## Goal of the exercise
Return all the data verbatim but without images.

## Data listing

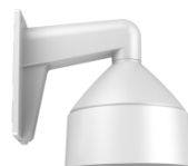
DS-1273ZJ-DM26 Wall mount
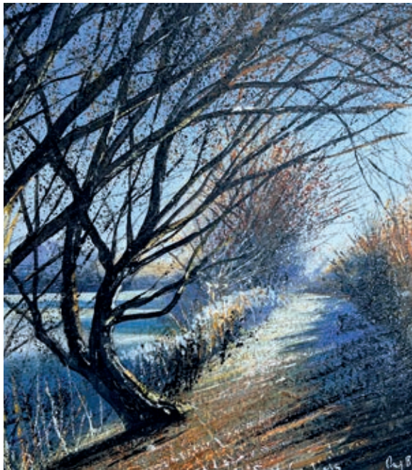
A Maz view. Frost, Lea Valley 20 x 20cm Oil
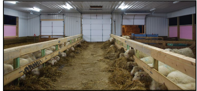
Figure 3. An insulated, indoor birth facility with a center aisle feeding system. This barn has sufficient attic insulation to stay above freezing during the vast majority of winter in southern Michigan with animal heat alone. Side wall curtain ventilation allows for air intake and exhaust. Balancing humidity and warmth requires management finesse in such a system.

In cold climates, an indoor lambing facility is needed for accelerated production as at least one of the lambing periods will take place in winter. (Figure 3) Although not an absolute
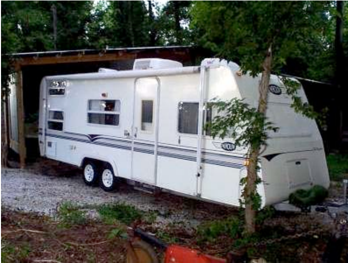
Not mine, but a very similar (and smaller) one

I bought a caravan (US: "camper trailer") a few months back, and it had been sitting at my old boss Tyler's place while I was waiting to find someone who's be willing to tow it to my place in Tennessee for a sum of money I considered less than fuckin outrageous - I put an ad on Craigslist and one bloke wanted $900!
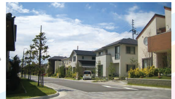
Shimanami Hills (Ehime Prefecture)

The company was established with the aim of balancing out the development of domestic land, vitalizing regions, and promoting dispersion of the population and industries, which had become conspicuously concentrated in large cities. Numerous industrial parks and facilities were developed to facilitate self-sustaining growth of regional industries, and new city centers were also developed.
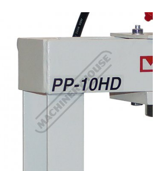
Robotic welded frame
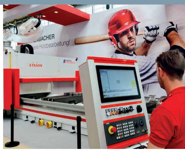
VISION-III-ST with automatic table and operator.
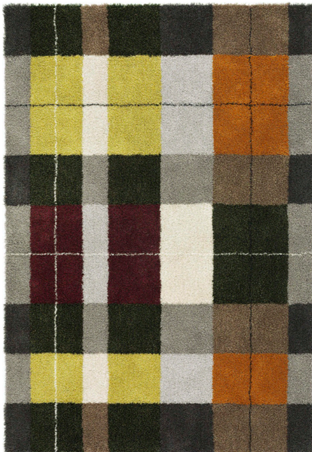
Stubb – Tartan

Argyle and Tartan , designed by Gunilla Lagerhem Ullberg, are hand tufted in a combination of wool and linen in confident colours, using our fine Stubb pile as a demonstration of the unlimited possibilities that the tufting method and Kasthall's atelier can offer to create unique patterns and colour combinations. This long-pile rug and exclusive wall-to-wall carpet is luxuriously deep and has a soft, vibrant surface. It is unpatterned, but comes in a wide palette – from bold colours to soft pastels – so it works well in most settings. The mix of linen and wool in various shades creates a beautiful sheen and marbled effect.
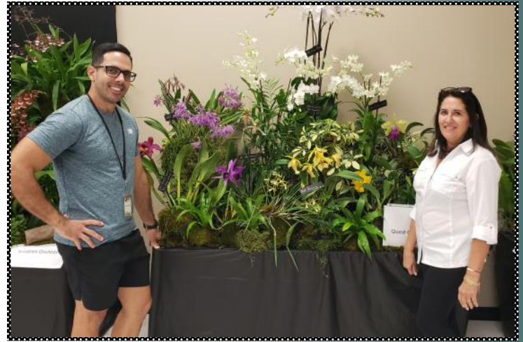
Quest Orchids Miami, FL
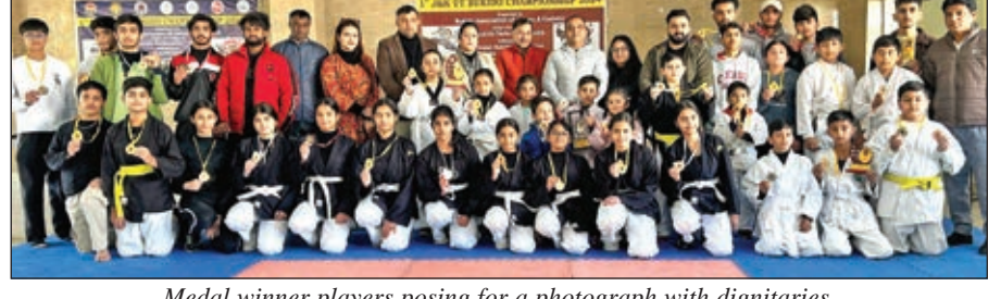
Medal winner players posing for a photograph with dignitaries.

STATE TIMES NEWS JAMMU: The Bukido Association of J&K successfully organized the 1st J&K UT Bukido Championship which held at Kotli Bhawan Hall, Rehari, here. The event witnessed enthusiastic participation from more than 130 athletes representing five districts of the UT, highlighting their skills and passion for martial art.
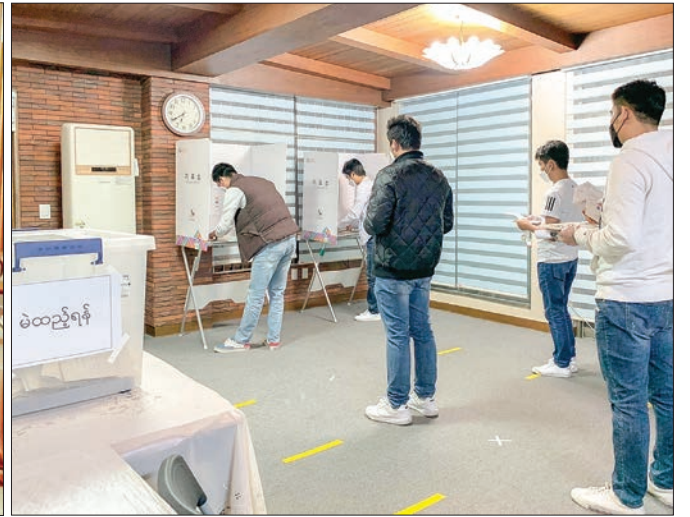
Myanmar voters queue for advance voting at Myanmar Embassy in Seoul, South Korea on 8 October.
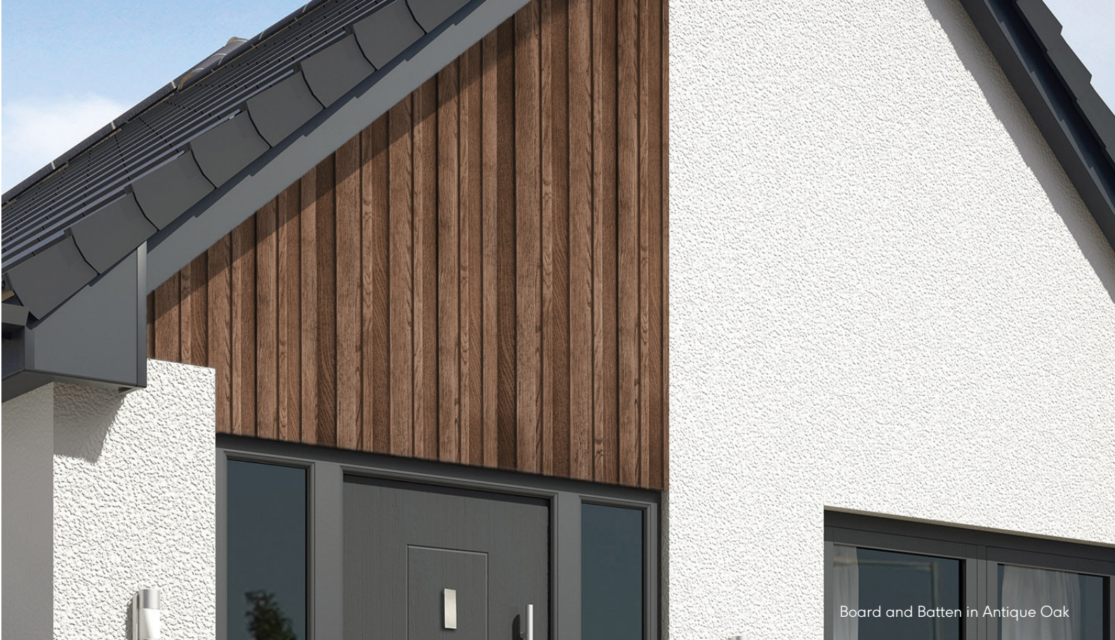
Board and Batten in Antique Oak
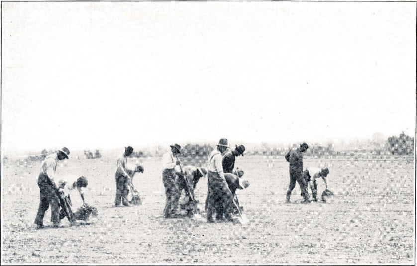
Fig. 3. Transplanting with spades on a well prepared soil. Note the plant carriers used and that the field has been marked off both ways.

Setting is usually done by hand, one man dropping the plants for two setters. The plants should not be dropped far in advance of the setters. On the lighter soils which have been well prepared, the holes may be made with the hands but, on the stiffer soils, a trowel, dibber, or spade is commonly used. Sometimes a shallow furrow is run up the row and the plants set along the land side of the furrow. Whatever method is used, it is important that the roots be well spread and the soil pressed firmly against them. There is little danger of making the soil too firm unless it is wet. Loose setting is a frequent cause of failure. A little loose soil should finally be left over the surface as a mulch. After the soil has settled, the crowns of the plants should be even with the surface. If a plant is set too deeply, especially on heavy soils, the crown becomes covered and rots. If not set deep enough, the roots become exposed and dry out.

## Response area
DS-1273ZJ-DM26 Wall mount
A Maz view. Frost, Lea Valley 20 x 20cm Oil
Figure 3. An insulated, indoor birth facility with a center aisle feeding system. This barn has sufficient attic insulation to stay above freezing during the vast majority of winter in southern Michigan with animal heat alone. Side wall curtain ventilation allows for air intake and exhaust. Balancing humidity and warmth requires management finesse in such a system.

In cold climates, an indoor lambing facility is needed for accelerated production as at least one of the lambing periods will take place in winter. (Figure 3) Although not an absolute
Not mine, but a very similar (and smaller) one

I bought a caravan (US: "camper trailer") a few months back, and it had been sitting at my old boss Tyler's place while I was waiting to find someone who's be willing to tow it to my place in Tennessee for a sum of money I considered less than fuckin outrageous - I put an ad on Craigslist and one bloke wanted $900!
Shimanami Hills (Ehime Prefecture)

The company was established with the aim of balancing out the development of domestic land, vitalizing regions, and promoting dispersion of the population and industries, which had become conspicuously concentrated in large cities. Numerous industrial parks and facilities were developed to facilitate self-sustaining growth of regional industries, and new city centers were also developed.
Robotic welded frame
VISION-III-ST with automatic table and operator.
Stubb – Tartan

Argyle and Tartan , designed by Gunilla Lagerhem Ullberg, are hand tufted in a combination of wool and linen in confident colours, using our fine Stubb pile as a demonstration of the unlimited possibilities that the tufting method and Kasthall's atelier can offer to create unique patterns and colour combinations. This long-pile rug and exclusive wall-to-wall carpet is luxuriously deep and has a soft, vibrant surface. It is unpatterned, but comes in a wide palette – from bold colours to soft pastels – so it works well in most settings. The mix of linen and wool in various shades creates a beautiful sheen and marbled effect.
Quest Orchids Miami, FL
Medal winner players posing for a photograph with dignitaries.

STATE TIMES NEWS JAMMU: The Bukido Association of J&K successfully organized the 1st J&K UT Bukido Championship which held at Kotli Bhawan Hall, Rehari, here. The event witnessed enthusiastic participation from more than 130 athletes representing five districts of the UT, highlighting their skills and passion for martial art.
Myanmar voters queue for advance voting at Myanmar Embassy in Seoul, South Korea on 8 October.
Board and Batten in Antique Oak
Fig. 3. Transplanting with spades on a well prepared soil. Note the plant carriers used and that the field has been marked off both ways.

Setting is usually done by hand, one man dropping the plants for two setters. The plants should not be dropped far in advance of the setters. On the lighter soils which have been well prepared, the holes may be made with the hands but, on the stiffer soils, a trowel, dibber, or spade is commonly used. Sometimes a shallow furrow is run up the row and the plants set along the land side of the furrow. Whatever method is used, it is important that the roots be well spread and the soil pressed firmly against them. There is little danger of making the soil too firm unless it is wet. Loose setting is a frequent cause of failure. A little loose soil should finally be left over the surface as a mulch. After the soil has settled, the crowns of the plants should be even with the surface. If a plant is set too deeply, especially on heavy soils, the crown becomes covered and rots. If not set deep enough, the roots become exposed and dry out.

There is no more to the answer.